Omit pictures and quote the listing below line by line, from its start through the line that holds "都市时尚少女,黑裙黑丝高跟鞋,优雅街拍".

**Collected data**
>>>>
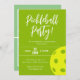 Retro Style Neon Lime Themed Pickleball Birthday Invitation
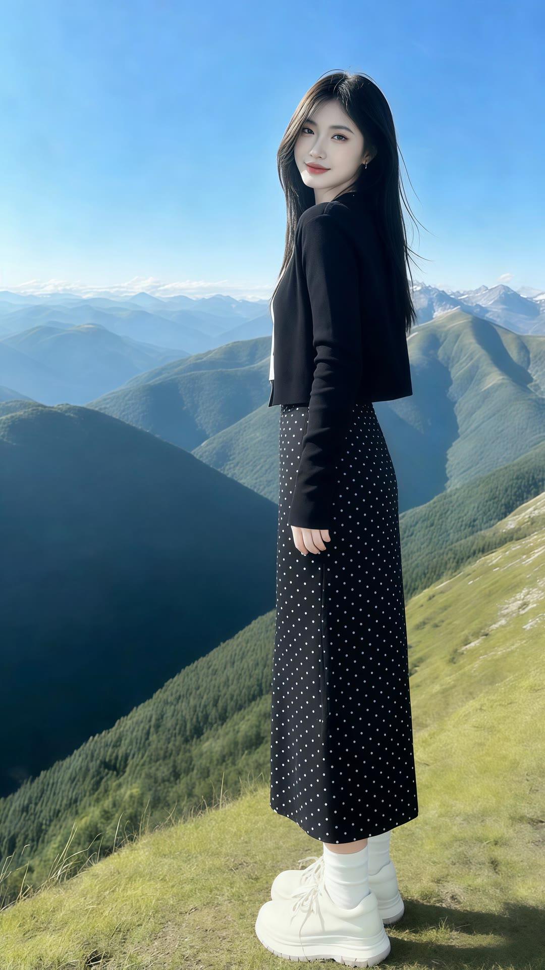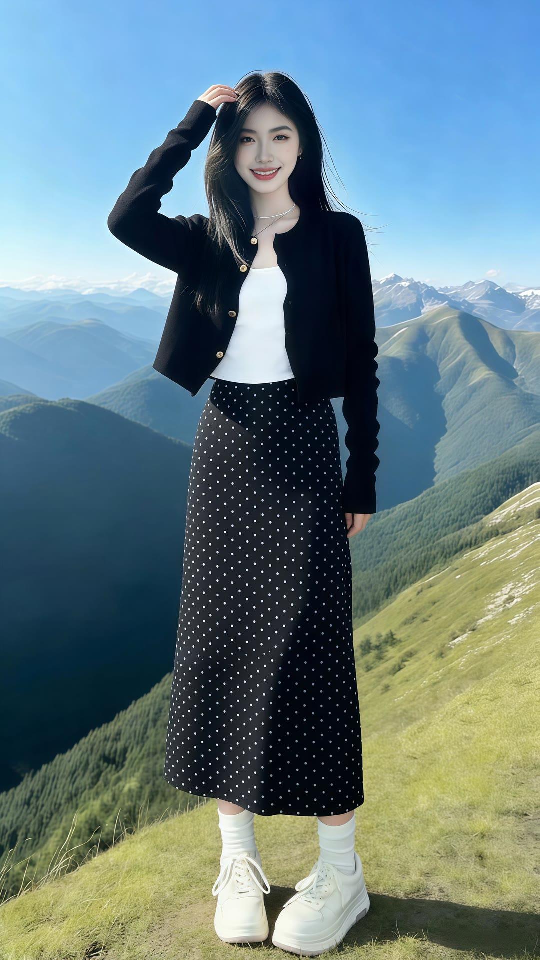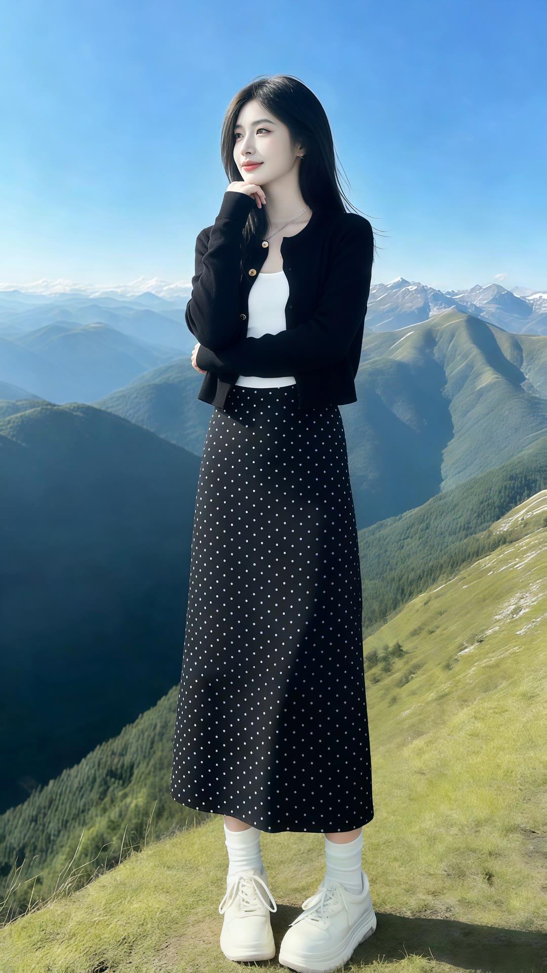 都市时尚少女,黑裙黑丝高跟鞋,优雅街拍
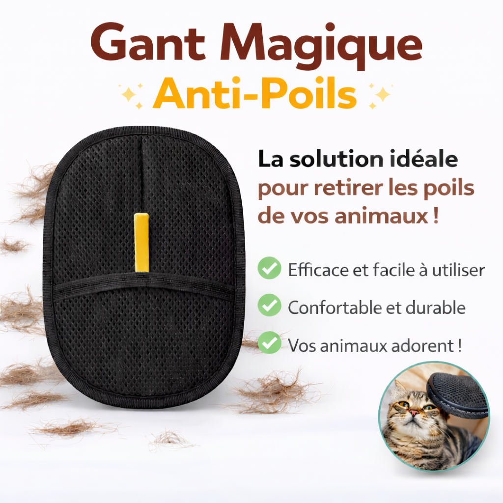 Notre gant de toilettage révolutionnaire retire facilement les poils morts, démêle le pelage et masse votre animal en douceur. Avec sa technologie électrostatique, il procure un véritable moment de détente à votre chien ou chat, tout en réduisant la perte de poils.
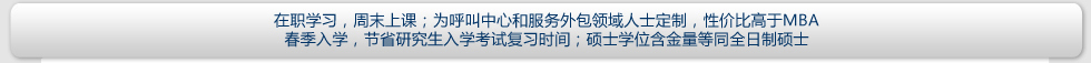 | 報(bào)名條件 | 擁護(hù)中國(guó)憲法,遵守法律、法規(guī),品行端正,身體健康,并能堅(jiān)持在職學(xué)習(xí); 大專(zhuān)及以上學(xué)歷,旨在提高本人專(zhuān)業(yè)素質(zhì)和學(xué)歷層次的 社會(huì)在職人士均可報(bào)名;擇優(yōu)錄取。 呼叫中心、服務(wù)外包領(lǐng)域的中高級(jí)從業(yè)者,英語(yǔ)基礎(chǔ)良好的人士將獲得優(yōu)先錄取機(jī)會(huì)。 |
<<<<
**Answer box**
 Retro Style Neon Lime Themed Pickleball Birthday Invitation
 都市时尚少女,黑裙黑丝高跟鞋,优雅街拍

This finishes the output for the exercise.